**TASK STATEMENT:** Transcribe the listing exactly; drop the images.

**THE DATA:**
┏━━

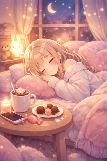 Atmosphere: Late-night, cozy bedroom, pastel colors with a hint of shadow
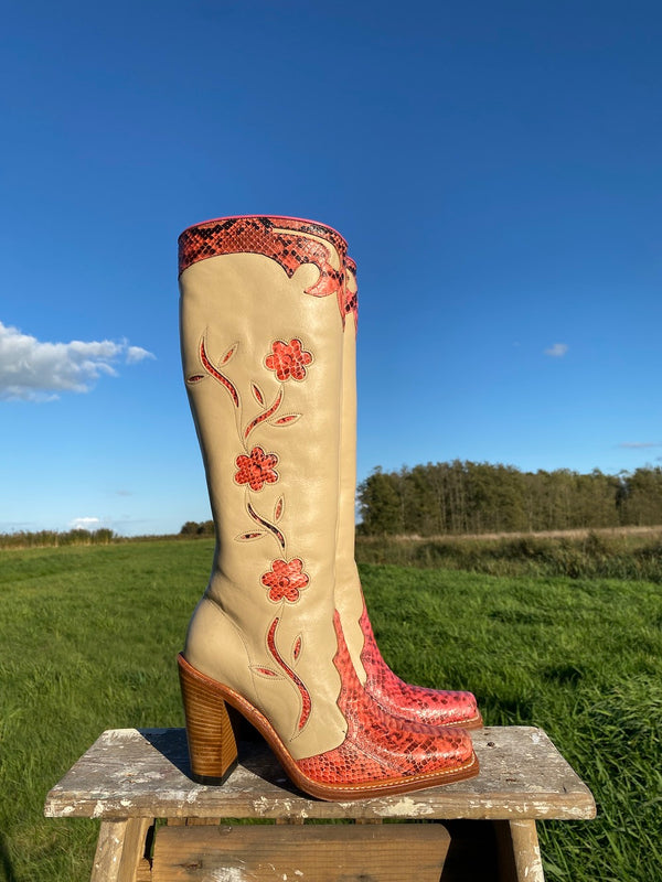 Don’t miss out on our classic Dandelie leather boots in fresh, season-inspired hues and floral patterns. From Western boots and cowgirl boots to biker boots with bold details, our latest styles blend vintage charm with modern craftsmanship. Shop high-heeled and low-heeled leather boots for women, comfortable boots with rubber soles, and women’s ankle-length boots designed for effortless styling. Looking for a great deal? Don’t miss out on our sale boots, where you can score designer leather boots for women and vintage boots for ladies at unbeatable prices!
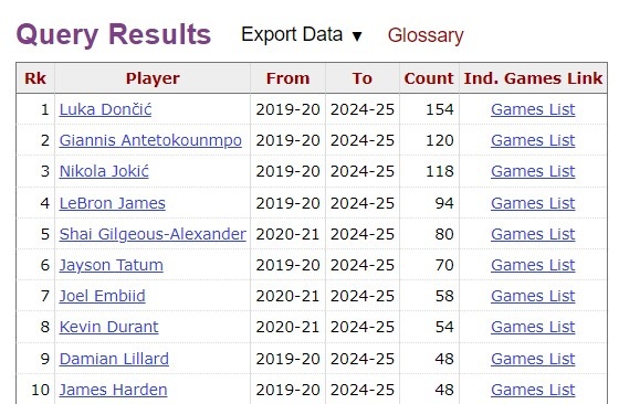 2020年以來的30+5+5場(chǎng)次榜單:東契奇155場(chǎng)居首 字母哥120場(chǎng)第2

┗━━

**EXERCISE SOLUTION:**
 Atmosphere: Late-night, cozy bedroom, pastel colors with a hint of shadow
 Don’t miss out on our classic Dandelie leather boots in fresh, season-inspired hues and floral patterns. From Western boots and cowgirl boots to biker boots with bold details, our latest styles blend vintage charm with modern craftsmanship. Shop high-heeled and low-heeled leather boots for women, comfortable boots with rubber soles, and women’s ankle-length boots designed for effortless styling. Looking for a great deal? Don’t miss out on our sale boots, where you can score designer leather boots for women and vintage boots for ladies at unbeatable prices!
 2020年以來的30+5+5場(chǎng)次榜單:東契奇155場(chǎng)居首 字母哥120場(chǎng)第2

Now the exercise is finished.